Being the first of its type, the central server model quickly attracted the attention of practitioners who applied it to questions of importance within their own datacenters. As part of their investigations, these analysts validated their results by comparing predicted values of utilization, throughput and response time with actual measured values. The model proved remarkably accurate in practice.
I was delighted to learn of these successful validations. However, I was also puzzled by the fact that real world computer systems did not appear to satisfy the stringent mathematical assumptions that traditional queuing models require. This piqued my curiosity: why did these models exhibit such an unexpectedly high degree of accuracy? I have spent much of the past four decades investigating this issue and identifying conditions under which probabilistic models do, and do not, work well in practice.
My first paper on this topic, “Fundamental Laws of Computer System Performance,” was published in 1976. It introduced the concept of operational analysis, an approach that mirrors the operational procedures practitioners follow when they apply certain mathematical equations to the analysis of real world systems. This paper received the inaugural “Test of Time” Award from ACM Sigmetrics in 2010, 34 years after its original date of publication.
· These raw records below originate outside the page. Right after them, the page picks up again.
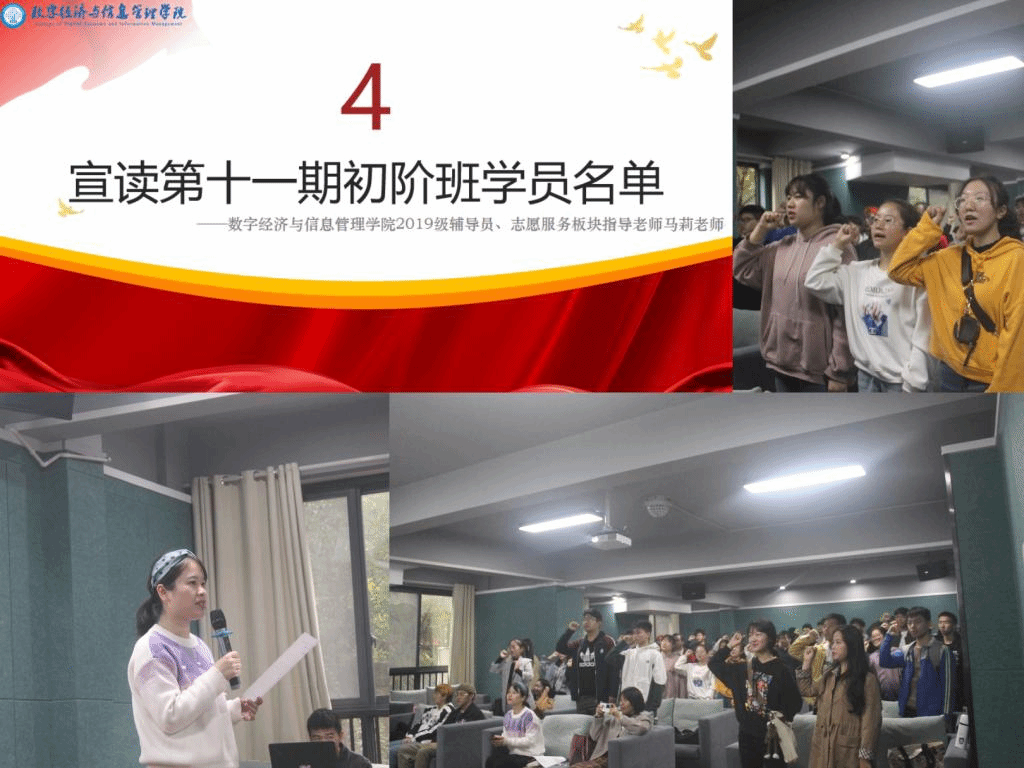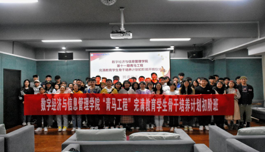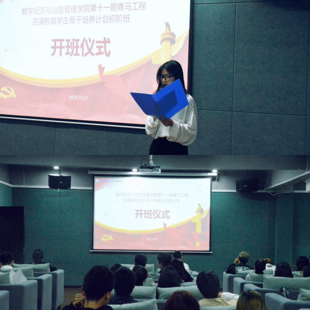 随着“青马工程”初阶班的选拔考试落下帷幕,学员名单也尘埃落定。为加强“青马工程”初阶班队伍建设及学员归属感,数字经济与信息管理学院于10月27日12:15在爱莲书院多功能影音室开展了第十一期“青马工程”完满教育学生骨干培养计划初阶班开班仪式。
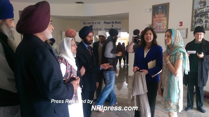 In a press conference while meeting with the Gurdwara board and community leaders, packed with mainstream major media reporters and cameras, she and her associates were given an educational presentation “Who Are the Sikhs?” by Amrith Kaur Aakre highlighting the salient features of Sikh Religion, with emphasis on equality of mankind. Through the presentation, valuable bits of information were shared such as the fact that post 9/11, Sikhs bore the blunt of bullying and hate crimes. Efforts to stop hate crimes and bullying within the Sikh community were discussed.
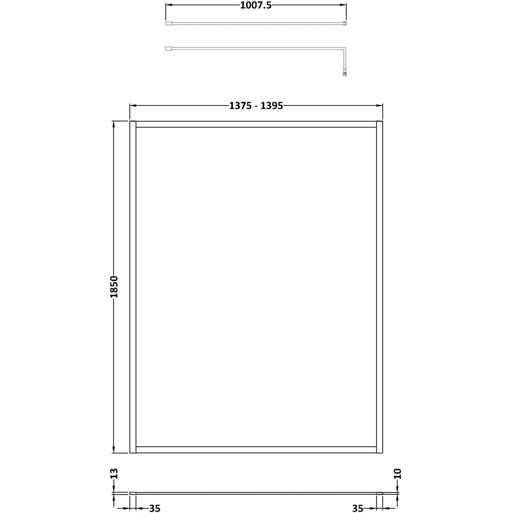 nuie Matt Black Full Outer Framed Wetroom Screen 1850 x 1400mm
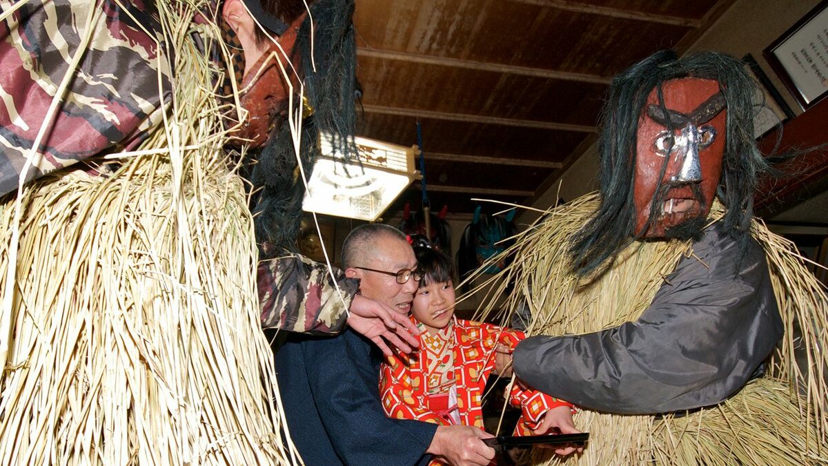 熊本・かもめ幼稚園で豆まき 4色の鬼と福の神も登場
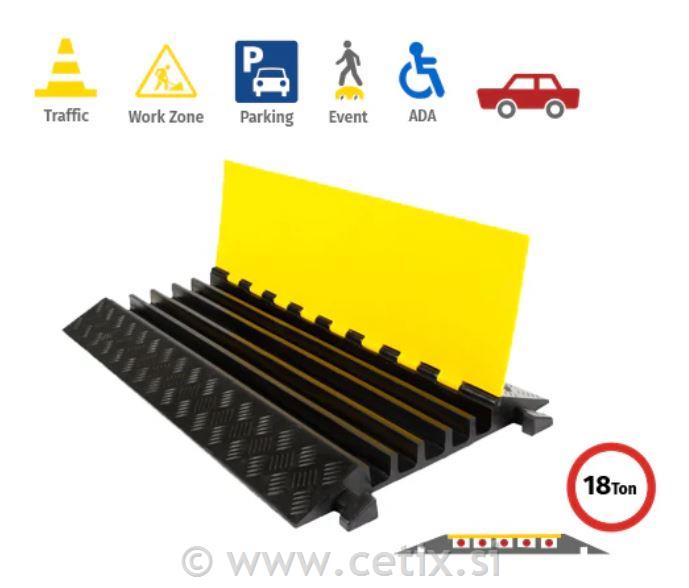 Platforma za urejanje kablov DH-CP-L5M je izdelana iz vulkanizirane gume z rumenim PVC pokrovom, ki ga je mogoče odpreti, opremljena s 5 kanali velikosti 3,8 x 3,5 cm. Dimenzije 90 x 50 x 5,5 cm in nosilnost do 18 ton jo naredijo idealno za gradbišča, dogodke in gost promet. Modularni element, ki ga je enostavno sestaviti.
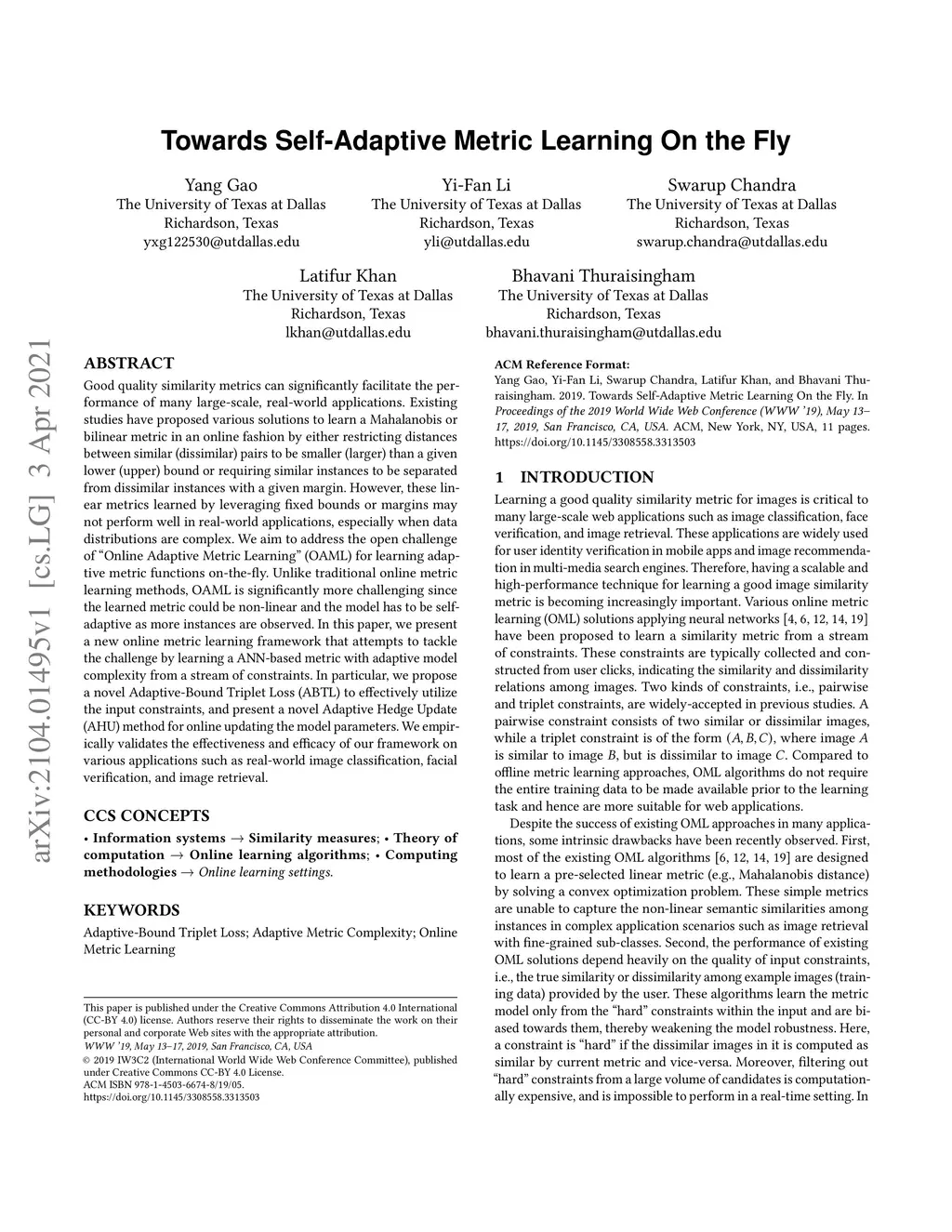 Good quality similarity metrics can significantly facilitate the performance of many large-scale, real-world applications. Existing studies have proposed various solutions to learn a Mahalanobis or bilinear metric in an online fashion by either restricting distances between similar (dissimilar) pairs to be smaller (larger) than a given lower (upper) bound or requiring similar instances to be separated from dissimilar instances with a given margin. However, these linear metrics learned by leveraging fixed bounds or margins may not perform well in real-world applications, especially when data distributions are complex. We aim to address the open challenge of "Online Adaptive Metric Learning" (OAML) for learning adaptive metric functions on the fly. Unlike traditional online metric learning methods, OAML is significantly more challenging since the learned metric could be non-linear and the model has to be self-adaptive as more instances are observed. In this paper, we present a new online metric learning framework that attempts to tackle the challenge by learning an ANN-based metric with adaptive model complexity from a stream of constraints. In particular, we propose a novel Adaptive-Bound Triplet Loss (ABTL) to effectively utilize the input constraints and present a novel Adaptive Hedge Update (AHU) method for online updating the model parameters. We empirically validate the effectiveness and efficacy of our framework on various applications such as real-world image classification, facial verification, and image retrieval.

Operational analysis has been integrated into a succession of major texts dealing with the analysis of computer performance (Ferrari, Serazzi and Zeigner 1983), (Lazowska, Zahorjan, Graham and Sevcik 1984), (Jain 1991), (Menascé, Almeida and Dowdy 1994), (Menascé and Almeida 2001), (Gelenbe and Mitrani 2010), (Harchol-Balter 2013), (Denning and Martell 2015). Nevertheless, it remains relatively unknown among engineers, experimental scientists and other practitioners who apply probabilistic models to problems in the physical, social and life sciences. A primary goal of this book is to recast the basic principles of operational analysis in a more general context so that its core ideas become accessible to this wider community.
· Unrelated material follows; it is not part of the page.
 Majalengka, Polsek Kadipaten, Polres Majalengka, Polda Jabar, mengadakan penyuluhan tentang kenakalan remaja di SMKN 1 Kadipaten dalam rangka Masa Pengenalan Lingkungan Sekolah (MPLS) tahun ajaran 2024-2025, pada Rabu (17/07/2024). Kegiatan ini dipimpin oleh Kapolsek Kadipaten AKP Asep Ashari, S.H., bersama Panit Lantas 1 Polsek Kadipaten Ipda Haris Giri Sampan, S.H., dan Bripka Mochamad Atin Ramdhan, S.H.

Rethinking Randomness presents an introduction to observational stochastics, the successor to operational analysis. Observational stochastics extends the mathematical foundation of the original theory in several ways: most importantly, by formalizing the intuitive notion of observing and measuring the behavior of a system as it operates during an interval of time. Students enrolled in courses on probability and stochastic modeling should find observational stochastics particularly helpful in understanding how the material they are studying in class is actually applied in practice. And because all mathematical arguments are self contained and relatively straightforward, technically oriented non-specialists who wish to explore the connection between probability theory and the physical world should find much of the material in this book readily accessible.
I would like to thank my colleague Yaakov Kogan, formerly of Bell Labs and AT&T, for suggestions that have improved the clarity and strengthened the mathematical rigor of this book.